### What you have to do
Each word in the data below should be copied exactly; the images should not.
*** Opening of Provided data ***
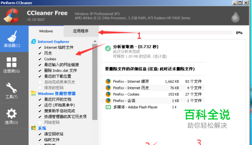 点击分析,然后运行清洁器,Cookies及临时文件、会话,缓存等全都能清理掉。
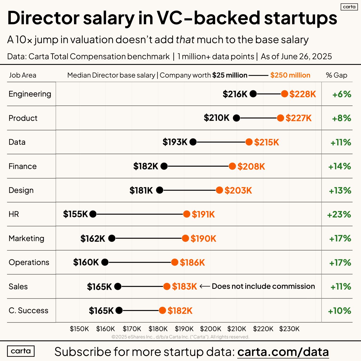 Look at a Director in Data, for instance. At a startup worth $25 million, the base salary for that position is currently around $193,000. At a much larger company worth $250M, the salary starts at $215,000.
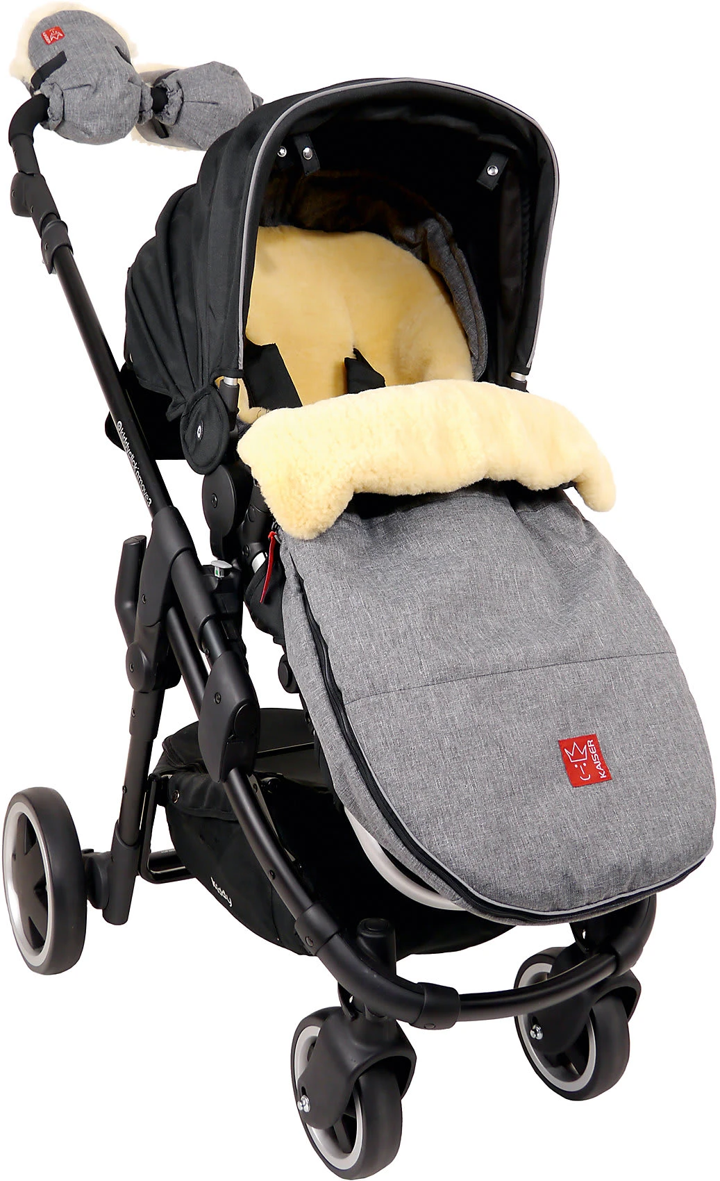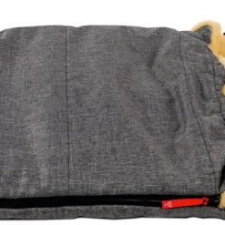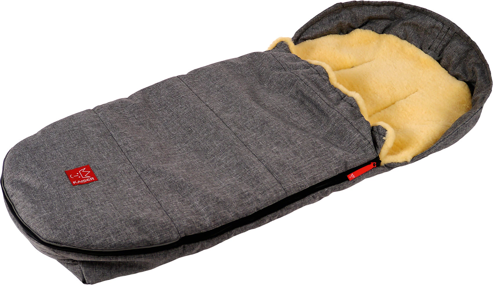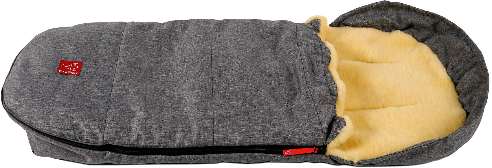 Die Detailsbilder zeigen den Fußsack in einer anderen Farbe. Zur Auslieferung kommt die Farbe anthrazit melange.
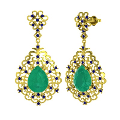 Kök zümrüt ve lab safir 18 ayar altın küpe
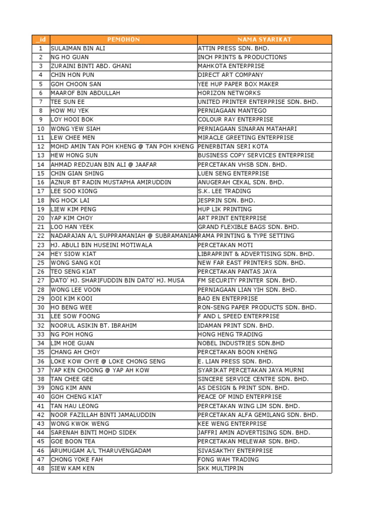 Senarai Pemegang Lesen Mesin Cetak Sehingga Mac 2017 Malaysia
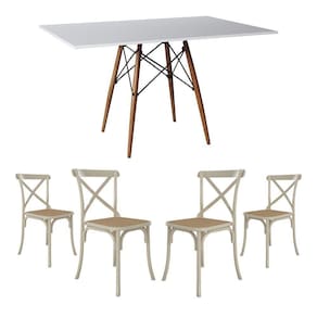 Jogo De Mesa Eiffel Retangular Tampo De Madeira 120x75cm Branco Com 4 Cadeiras Katrina Off White Ass
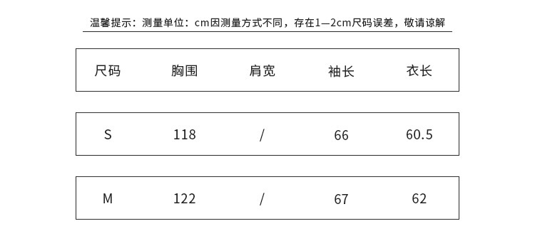 衣長/肩寬/袖長為平量,其他為一圈(單位:公分)
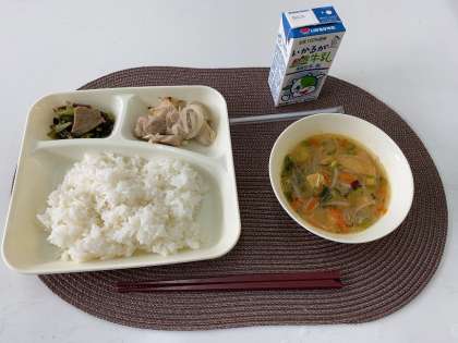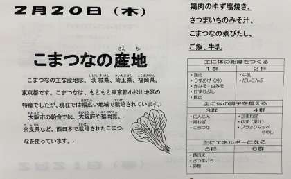 2月20日(木)、今日の給食の献立は『鶏肉のゆず塩焼き・さつまいものみそ汁・こまつなの煮びたし・ごはん・牛乳』です。
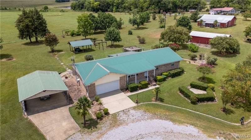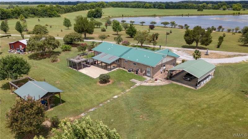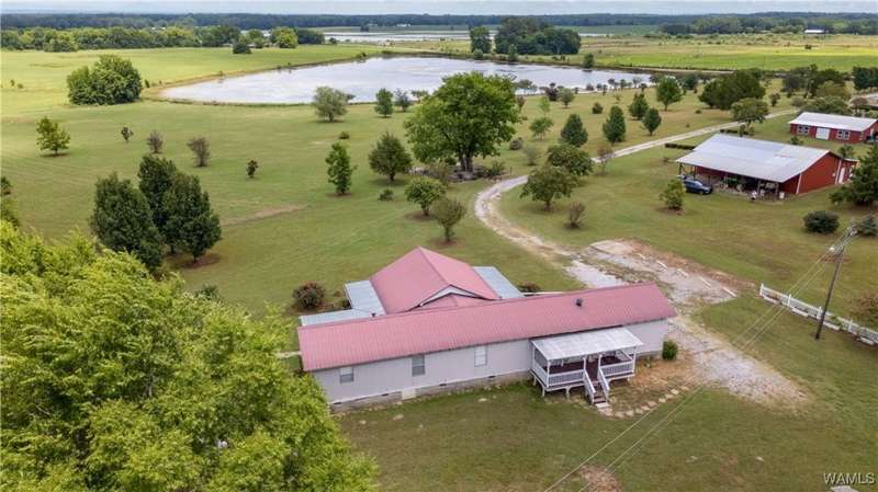 Welcome to this one-of-a-kind property situated on 56 +/- acres of scenic land, offering a blend of residential comfort and recreational opportunities. The main residence features 3 beds and 2.5 baths. Beyond the home, two distinct barn structures provide added value and utility. One smaller barn is utilized for traditional storage. The larger barn features an open space, kitchenette, restrooms, and separate shop. There is a second dwelling on the property a 3-bed, 2-bath mobile home. The property showcases an 11-acre lake stocked with catfish, bream, and bass. The property also have crape myrtles, fruit trees, electrical, and water access throughout the property. Whether searching for a multi-use estate or recreational retreat this distinctive property offers endless possibilities!
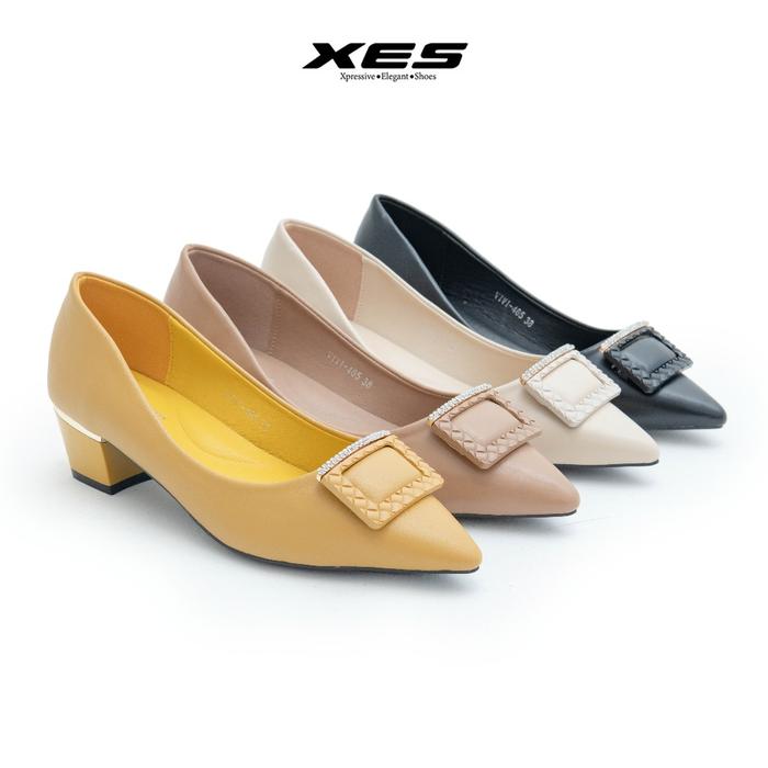 XES VIVI-465 Sepatu Chunky Heels Wanita 5cm Sepatu Kerja Wanita Black - APRICOT 36
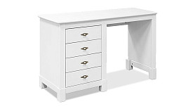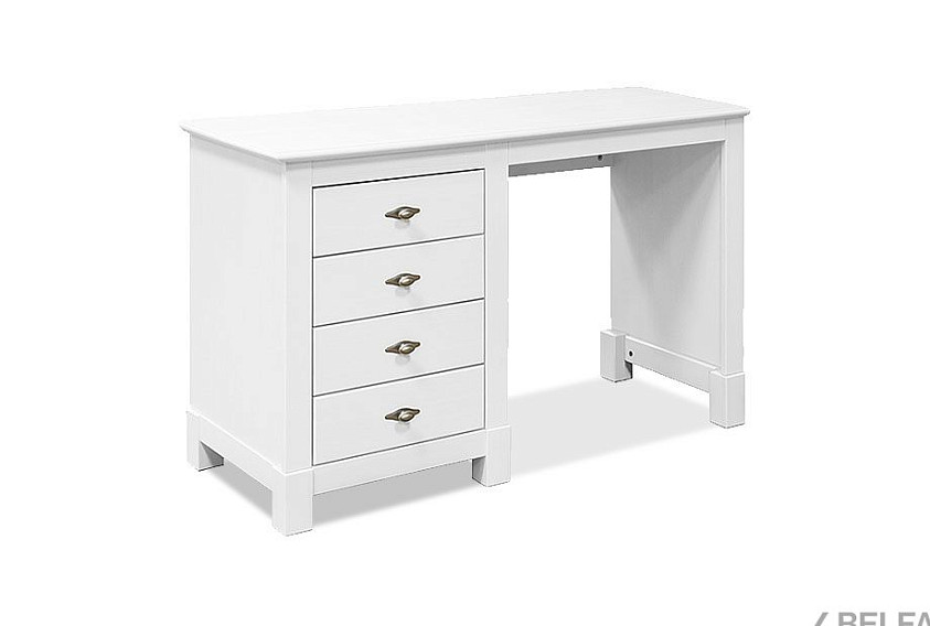 Стол письменный «Рауна» 04 с одной тумбой и 4-мя ящиками из массива сосны для вашего дома в стиле Прованс. Это недорогой письменный стол с ящиками, белый дизайн которого идеален для модного скандинавского стиля. Его можно поставить в кабинете, небольшой квартире-студии или даже комнате малыша. Выполнен полностью из массива сосны.
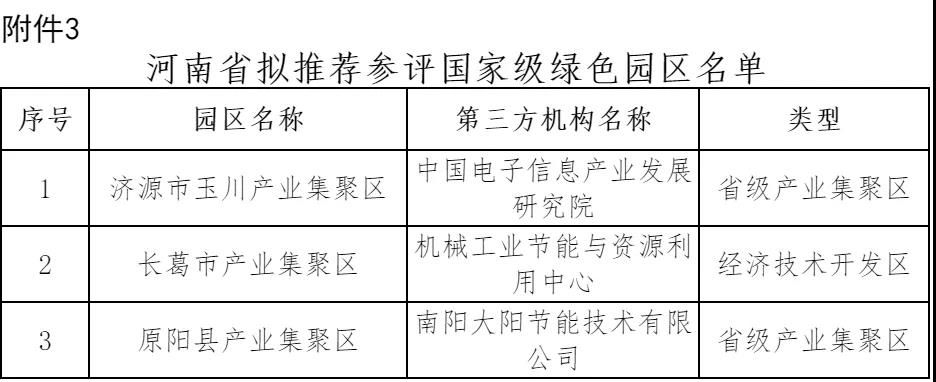 3.河南省拟推荐参评国家级绿色园区名单
*** Close of Provided data ***
### Answer box
 点击分析,然后运行清洁器,Cookies及临时文件、会话,缓存等全都能清理掉。
 Look at a Director in Data, for instance. At a startup worth $25 million, the base salary for that position is currently around $193,000. At a much larger company worth $250M, the salary starts at $215,000.
 Die Detailsbilder zeigen den Fußsack in einer anderen Farbe. Zur Auslieferung kommt die Farbe anthrazit melange.
 Kök zümrüt ve lab safir 18 ayar altın küpe
 Senarai Pemegang Lesen Mesin Cetak Sehingga Mac 2017 Malaysia
 Jogo De Mesa Eiffel Retangular Tampo De Madeira 120x75cm Branco Com 4 Cadeiras Katrina Off White Ass
 衣長/肩寬/袖長為平量,其他為一圈(單位:公分)
 2月20日(木)、今日の給食の献立は『鶏肉のゆず塩焼き・さつまいものみそ汁・こまつなの煮びたし・ごはん・牛乳』です。
 Welcome to this one-of-a-kind property situated on 56 +/- acres of scenic land, offering a blend of residential comfort and recreational opportunities. The main residence features 3 beds and 2.5 baths. Beyond the home, two distinct barn structures provide added value and utility. One smaller barn is utilized for traditional storage. The larger barn features an open space, kitchenette, restrooms, and separate shop. There is a second dwelling on the property a 3-bed, 2-bath mobile home. The property showcases an 11-acre lake stocked with catfish, bream, and bass. The property also have crape myrtles, fruit trees, electrical, and water access throughout the property. Whether searching for a multi-use estate or recreational retreat this distinctive property offers endless possibilities!
 XES VIVI-465 Sepatu Chunky Heels Wanita 5cm Sepatu Kerja Wanita Black - APRICOT 36
 Стол письменный «Рауна» 04 с одной тумбой и 4-мя ящиками из массива сосны для вашего дома в стиле Прованс. Это недорогой письменный стол с ящиками, белый дизайн которого идеален для модного скандинавского стиля. Его можно поставить в кабинете, небольшой квартире-студии или даже комнате малыша. Выполнен полностью из массива сосны.
 3.河南省拟推荐参评国家级绿色园区名单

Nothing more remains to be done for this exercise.